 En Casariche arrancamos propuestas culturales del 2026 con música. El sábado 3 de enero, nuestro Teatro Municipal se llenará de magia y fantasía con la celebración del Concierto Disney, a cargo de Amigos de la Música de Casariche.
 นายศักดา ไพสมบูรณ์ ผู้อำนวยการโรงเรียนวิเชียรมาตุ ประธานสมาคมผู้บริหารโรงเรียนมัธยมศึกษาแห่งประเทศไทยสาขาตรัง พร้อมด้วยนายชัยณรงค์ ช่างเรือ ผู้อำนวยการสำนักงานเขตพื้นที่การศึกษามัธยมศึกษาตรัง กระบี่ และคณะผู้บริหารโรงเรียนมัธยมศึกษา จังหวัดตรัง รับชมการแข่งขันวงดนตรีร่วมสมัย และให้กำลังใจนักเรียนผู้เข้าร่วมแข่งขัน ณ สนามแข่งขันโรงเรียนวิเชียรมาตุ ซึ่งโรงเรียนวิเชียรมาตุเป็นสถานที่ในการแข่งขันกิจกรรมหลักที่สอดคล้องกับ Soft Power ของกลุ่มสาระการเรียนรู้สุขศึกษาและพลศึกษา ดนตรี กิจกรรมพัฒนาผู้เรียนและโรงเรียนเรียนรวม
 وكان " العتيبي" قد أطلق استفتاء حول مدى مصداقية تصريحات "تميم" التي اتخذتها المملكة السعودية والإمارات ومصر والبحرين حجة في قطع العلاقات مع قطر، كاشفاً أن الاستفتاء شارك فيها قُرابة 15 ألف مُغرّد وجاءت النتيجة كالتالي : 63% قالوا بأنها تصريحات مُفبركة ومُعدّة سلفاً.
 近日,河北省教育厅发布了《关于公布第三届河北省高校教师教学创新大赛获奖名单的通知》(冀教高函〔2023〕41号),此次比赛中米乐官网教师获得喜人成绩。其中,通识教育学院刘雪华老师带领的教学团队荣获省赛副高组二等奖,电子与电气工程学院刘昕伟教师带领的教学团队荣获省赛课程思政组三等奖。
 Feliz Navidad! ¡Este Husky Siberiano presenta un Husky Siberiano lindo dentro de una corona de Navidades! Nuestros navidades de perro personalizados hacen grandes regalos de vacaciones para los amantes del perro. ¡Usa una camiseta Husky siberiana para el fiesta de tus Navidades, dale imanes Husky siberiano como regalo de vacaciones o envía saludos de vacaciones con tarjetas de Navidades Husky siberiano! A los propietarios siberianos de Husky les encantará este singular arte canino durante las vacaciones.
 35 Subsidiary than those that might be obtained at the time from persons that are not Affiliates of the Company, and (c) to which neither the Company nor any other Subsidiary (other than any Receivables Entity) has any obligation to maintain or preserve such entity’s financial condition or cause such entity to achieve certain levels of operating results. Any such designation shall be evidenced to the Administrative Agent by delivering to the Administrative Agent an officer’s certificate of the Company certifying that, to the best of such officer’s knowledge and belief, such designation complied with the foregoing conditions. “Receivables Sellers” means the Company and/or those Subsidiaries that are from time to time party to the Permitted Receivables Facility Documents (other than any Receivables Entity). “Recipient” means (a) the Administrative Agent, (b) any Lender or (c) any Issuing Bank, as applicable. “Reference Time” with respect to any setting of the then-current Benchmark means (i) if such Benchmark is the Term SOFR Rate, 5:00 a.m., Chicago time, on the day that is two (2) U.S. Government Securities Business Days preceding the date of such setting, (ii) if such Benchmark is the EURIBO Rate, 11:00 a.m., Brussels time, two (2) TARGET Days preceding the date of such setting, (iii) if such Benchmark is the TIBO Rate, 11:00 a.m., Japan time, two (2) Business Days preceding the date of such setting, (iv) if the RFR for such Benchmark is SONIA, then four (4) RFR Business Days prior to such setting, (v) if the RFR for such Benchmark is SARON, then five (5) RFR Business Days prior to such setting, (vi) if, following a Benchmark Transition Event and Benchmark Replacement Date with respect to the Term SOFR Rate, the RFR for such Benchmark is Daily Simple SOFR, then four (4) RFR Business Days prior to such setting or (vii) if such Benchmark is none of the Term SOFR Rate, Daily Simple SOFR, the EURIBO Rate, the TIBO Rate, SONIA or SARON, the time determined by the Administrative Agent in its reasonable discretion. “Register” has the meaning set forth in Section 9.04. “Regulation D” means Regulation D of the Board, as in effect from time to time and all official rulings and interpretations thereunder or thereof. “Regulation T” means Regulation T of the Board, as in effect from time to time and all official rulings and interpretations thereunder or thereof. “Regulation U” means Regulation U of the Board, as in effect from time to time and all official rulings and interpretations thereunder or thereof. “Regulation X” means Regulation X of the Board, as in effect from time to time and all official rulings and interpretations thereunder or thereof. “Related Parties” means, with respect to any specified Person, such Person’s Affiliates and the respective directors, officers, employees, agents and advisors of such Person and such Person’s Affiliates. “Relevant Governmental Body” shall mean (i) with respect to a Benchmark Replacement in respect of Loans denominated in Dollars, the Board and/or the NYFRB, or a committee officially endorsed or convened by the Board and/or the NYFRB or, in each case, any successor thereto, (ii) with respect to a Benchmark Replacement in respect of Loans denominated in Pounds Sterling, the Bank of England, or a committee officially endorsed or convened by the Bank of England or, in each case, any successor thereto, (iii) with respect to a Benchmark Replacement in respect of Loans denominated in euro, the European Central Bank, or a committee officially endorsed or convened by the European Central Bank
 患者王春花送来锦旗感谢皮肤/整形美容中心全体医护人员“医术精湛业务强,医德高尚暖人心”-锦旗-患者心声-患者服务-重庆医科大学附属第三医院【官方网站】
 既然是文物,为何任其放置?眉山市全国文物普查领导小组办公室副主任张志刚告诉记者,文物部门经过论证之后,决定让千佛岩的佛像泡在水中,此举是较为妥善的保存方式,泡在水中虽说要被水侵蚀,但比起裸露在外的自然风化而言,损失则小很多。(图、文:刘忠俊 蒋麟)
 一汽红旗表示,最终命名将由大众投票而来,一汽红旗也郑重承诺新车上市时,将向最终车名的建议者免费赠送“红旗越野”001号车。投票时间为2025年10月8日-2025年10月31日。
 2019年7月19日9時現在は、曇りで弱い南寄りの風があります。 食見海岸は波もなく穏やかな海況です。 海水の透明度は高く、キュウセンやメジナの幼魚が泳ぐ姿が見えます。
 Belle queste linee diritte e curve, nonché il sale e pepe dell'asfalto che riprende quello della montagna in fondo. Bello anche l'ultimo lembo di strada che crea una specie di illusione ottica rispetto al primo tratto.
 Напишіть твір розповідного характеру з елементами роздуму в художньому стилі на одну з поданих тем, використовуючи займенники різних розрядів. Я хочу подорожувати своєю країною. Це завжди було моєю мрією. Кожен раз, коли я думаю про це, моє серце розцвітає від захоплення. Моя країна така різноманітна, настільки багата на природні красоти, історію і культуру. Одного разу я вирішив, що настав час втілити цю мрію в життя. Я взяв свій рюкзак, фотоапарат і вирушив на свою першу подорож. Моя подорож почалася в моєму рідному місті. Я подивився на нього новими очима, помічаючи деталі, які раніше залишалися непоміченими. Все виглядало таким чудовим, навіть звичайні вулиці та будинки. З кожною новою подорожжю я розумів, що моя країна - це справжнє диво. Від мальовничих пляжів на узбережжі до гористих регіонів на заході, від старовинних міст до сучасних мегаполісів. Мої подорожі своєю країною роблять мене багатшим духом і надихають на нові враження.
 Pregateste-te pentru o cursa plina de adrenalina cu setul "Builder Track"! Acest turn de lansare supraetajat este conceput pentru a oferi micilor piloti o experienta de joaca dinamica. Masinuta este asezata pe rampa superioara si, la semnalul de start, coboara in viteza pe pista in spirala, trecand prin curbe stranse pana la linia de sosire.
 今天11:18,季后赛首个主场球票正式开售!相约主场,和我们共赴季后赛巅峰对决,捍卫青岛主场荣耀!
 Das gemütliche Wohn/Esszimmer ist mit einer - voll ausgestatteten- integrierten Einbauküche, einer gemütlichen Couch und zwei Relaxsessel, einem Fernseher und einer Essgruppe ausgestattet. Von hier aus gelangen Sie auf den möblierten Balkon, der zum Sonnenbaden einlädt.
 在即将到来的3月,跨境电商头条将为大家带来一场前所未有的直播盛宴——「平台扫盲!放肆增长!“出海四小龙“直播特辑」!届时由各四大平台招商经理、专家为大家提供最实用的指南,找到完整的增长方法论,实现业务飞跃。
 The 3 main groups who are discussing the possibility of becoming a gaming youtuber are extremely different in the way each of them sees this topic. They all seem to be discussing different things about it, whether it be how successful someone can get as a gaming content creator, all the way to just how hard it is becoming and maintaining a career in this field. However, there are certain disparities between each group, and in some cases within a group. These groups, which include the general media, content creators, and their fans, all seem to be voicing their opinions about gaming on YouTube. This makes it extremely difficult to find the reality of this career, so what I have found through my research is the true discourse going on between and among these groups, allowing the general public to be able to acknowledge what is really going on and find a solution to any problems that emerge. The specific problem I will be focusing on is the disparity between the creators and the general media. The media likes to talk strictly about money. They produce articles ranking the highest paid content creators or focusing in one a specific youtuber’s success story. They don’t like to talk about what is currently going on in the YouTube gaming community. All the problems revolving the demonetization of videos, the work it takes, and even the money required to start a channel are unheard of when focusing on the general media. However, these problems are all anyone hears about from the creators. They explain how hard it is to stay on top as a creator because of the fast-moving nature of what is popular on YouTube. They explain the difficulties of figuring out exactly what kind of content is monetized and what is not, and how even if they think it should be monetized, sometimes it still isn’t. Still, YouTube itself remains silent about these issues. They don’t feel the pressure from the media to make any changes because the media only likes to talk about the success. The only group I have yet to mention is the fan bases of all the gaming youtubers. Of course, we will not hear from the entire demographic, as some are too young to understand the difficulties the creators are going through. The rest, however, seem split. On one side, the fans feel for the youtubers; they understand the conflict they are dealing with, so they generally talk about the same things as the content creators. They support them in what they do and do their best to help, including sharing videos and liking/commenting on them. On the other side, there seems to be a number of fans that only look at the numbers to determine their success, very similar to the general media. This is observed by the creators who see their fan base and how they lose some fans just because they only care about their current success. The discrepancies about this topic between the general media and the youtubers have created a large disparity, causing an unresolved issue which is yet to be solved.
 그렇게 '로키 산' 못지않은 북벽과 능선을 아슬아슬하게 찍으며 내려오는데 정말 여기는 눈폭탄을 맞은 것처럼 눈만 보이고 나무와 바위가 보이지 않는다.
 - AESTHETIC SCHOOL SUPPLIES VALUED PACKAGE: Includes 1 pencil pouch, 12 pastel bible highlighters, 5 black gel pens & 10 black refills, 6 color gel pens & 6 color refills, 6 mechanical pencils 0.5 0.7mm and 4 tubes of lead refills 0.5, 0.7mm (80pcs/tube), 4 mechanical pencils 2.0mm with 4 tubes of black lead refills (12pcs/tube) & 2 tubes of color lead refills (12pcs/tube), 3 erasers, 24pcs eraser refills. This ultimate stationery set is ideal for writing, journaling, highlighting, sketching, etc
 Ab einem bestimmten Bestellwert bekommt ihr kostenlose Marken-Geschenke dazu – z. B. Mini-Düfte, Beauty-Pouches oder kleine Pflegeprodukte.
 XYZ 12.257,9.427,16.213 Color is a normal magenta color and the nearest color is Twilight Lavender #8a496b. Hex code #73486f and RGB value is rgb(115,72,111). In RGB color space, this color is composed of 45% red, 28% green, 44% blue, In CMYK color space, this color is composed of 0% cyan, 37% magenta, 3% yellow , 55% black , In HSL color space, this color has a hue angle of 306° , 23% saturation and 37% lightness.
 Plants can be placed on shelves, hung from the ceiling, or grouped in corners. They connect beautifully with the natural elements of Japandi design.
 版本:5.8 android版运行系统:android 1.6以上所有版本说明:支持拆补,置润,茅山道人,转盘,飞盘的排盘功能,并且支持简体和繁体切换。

§ **Assignment**
From the data above, reproduce word for word the lines running from the line with "- AESTHETIC SCHOOL" to the line with "XYZ 12.257,9.427,16.213 Color", ends included.

§ **Completed task**
 - AESTHETIC SCHOOL SUPPLIES VALUED PACKAGE: Includes 1 pencil pouch, 12 pastel bible highlighters, 5 black gel pens & 10 black refills, 6 color gel pens & 6 color refills, 6 mechanical pencils 0.5 0.7mm and 4 tubes of lead refills 0.5, 0.7mm (80pcs/tube), 4 mechanical pencils 2.0mm with 4 tubes of black lead refills (12pcs/tube) & 2 tubes of color lead refills (12pcs/tube), 3 erasers, 24pcs eraser refills. This ultimate stationery set is ideal for writing, journaling, highlighting, sketching, etc
 Ab einem bestimmten Bestellwert bekommt ihr kostenlose Marken-Geschenke dazu – z. B. Mini-Düfte, Beauty-Pouches oder kleine Pflegeprodukte.
 XYZ 12.257,9.427,16.213 Color is a normal magenta color and the nearest color is Twilight Lavender #8a496b. Hex code #73486f and RGB value is rgb(115,72,111). In RGB color space, this color is composed of 45% red, 28% green, 44% blue, In CMYK color space, this color is composed of 0% cyan, 37% magenta, 3% yellow , 55% black , In HSL color space, this color has a hue angle of 306° , 23% saturation and 37% lightness.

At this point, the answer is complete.